Une autre travailleuse, Faye Jacobs, a déclaré aux journalistes que le seul salaire qu’elle a reçu alors qu’elle travaillait dans les prisons agricoles de l’Alabama était deux rouleaux de papier hygiénique par semaine, ainsi que du dentifrice et quelques serviettes hygiéniques chaque mois.

En Alabama, comme dans plusieurs autres États du Sud, dans la plupart des cas, les prisonniers ne reçoivent aucune rémunération pour leur travail.

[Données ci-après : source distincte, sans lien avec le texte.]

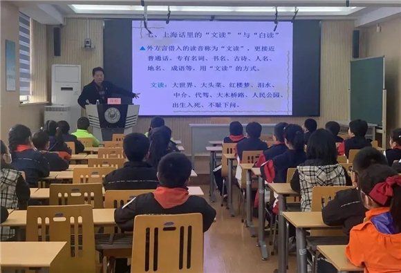 钱程还把他的沪语学堂带进了学校,给同学们上了与众不同的“开学第一课”。用生动形象的表演语言点亮了同学们课堂。从白读、文读的区别,到尖音、团音怎么分辨,再细化到“红楼梦”该怎么念,“大世界”如何发音,钱程把滑稽模仿带进课堂,使孩子们在喜笑颜开之际增长了知识。

Selon l’enquête, au cours des cinq dernières années, l’Alabama a perçu 32 millions de dollars en retenant 40 % des salaires de ses prisonniers, selon l’enquête.

Faye Jacobs se souvient de son travail dans la ferme d’une prison de l’Arkansas, lundi 18 septembre 2023, à Kansas City (Charlie Riedel/AP)

Les partisans du travail en prison affirment qu’ils considèrent le faible coût de la main-d’œuvre carcérale comme une bonne chose. « Tout le monde y gagne », a déclaré le shérif Wayne Ivey du comté de Brevard, en Floride.

Le détenu qui travaille acquiert un ensemble de compétences... Le temps passe plus vite. Et l’autre aspect de ce gagnant-gagnant, c’est qu’il permet généralement aux contribuables d’économiser de l’argent.